Well, thats the nature of de-duplication. Either your data is full of duplicates, or it isn't. If you are not sure what your data will do, you probably should assume no reduction until you have actual numbers.
We had a disk library vendor try to sell us on their dedupe on their VTL, which we put to work backing up exchange data. They told us stories of huge compression ratios, and how Exchange mailboxes compess so easily and we could easily fit weeks of backups onto it. The fact was the machine was allready bought by management, and we just looked after the backups not exchange, so we just set it up as we were ordered to.
Turns out their examples were all based on sites with 1G mailboxes or more. Our bizare setup with 50M mailboxes and thousands of employees was not that good for dedupe because all the repeat mails got moved to peoples PSTs immediately or their mailbox would fill. So after a week of backups and the VTL full, we were stuffed. So then we had to move it all off to tape....
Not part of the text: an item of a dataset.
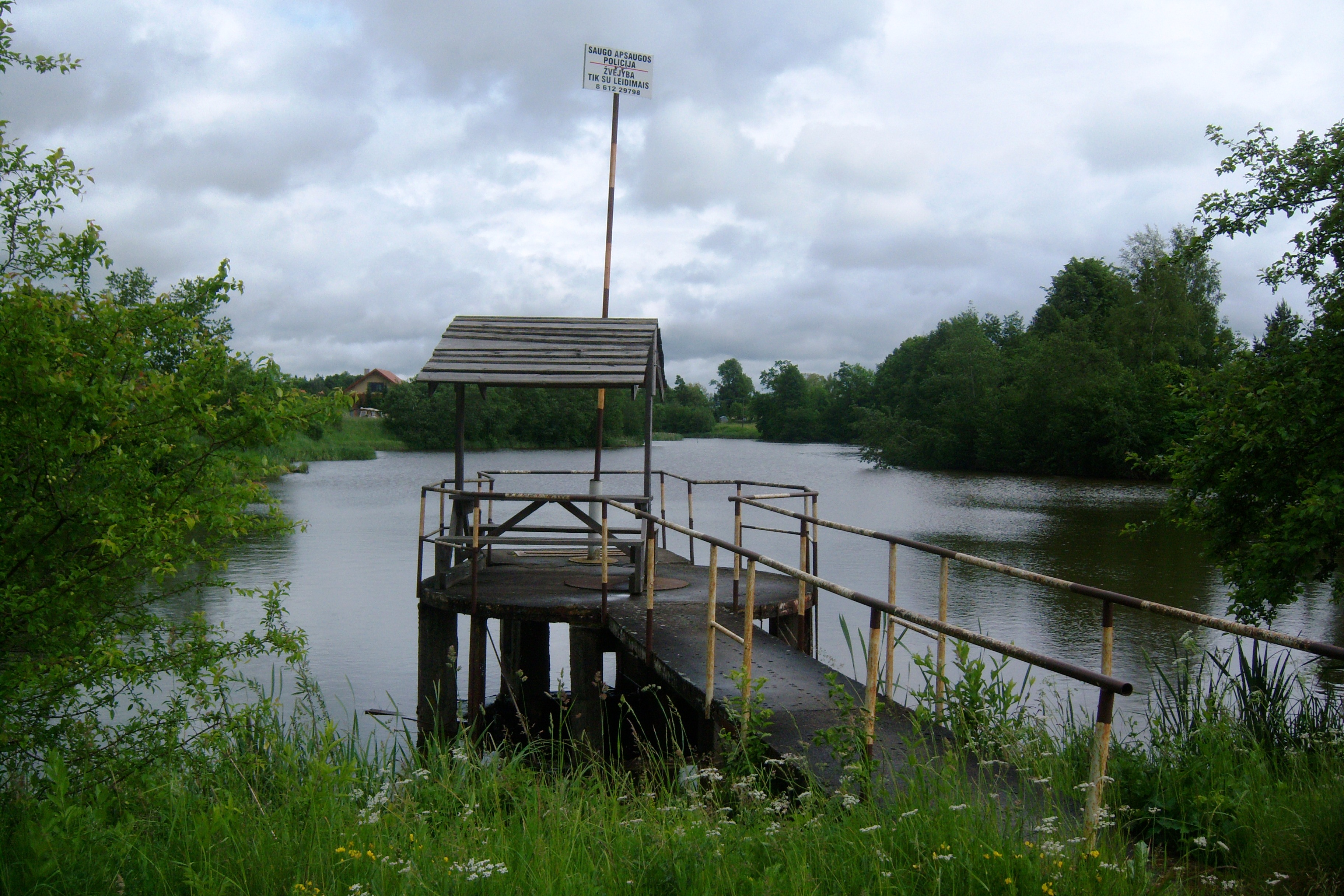 Pond in Sausinė, Kaunas district. Lithuania

Turns out while it did backup and run its de-dupe fine, unduping the data back for restoration was hopeless - like less than 1MB/s throughput, and so it took days to move off.
And that experience is why I now believe that de-dupe for backups is fundamentally flawed. You want a backup of all your data - not the data some borken firmware decides is unique. Any corruption, bang, all backups useless because they are all missing that highly duplicated block.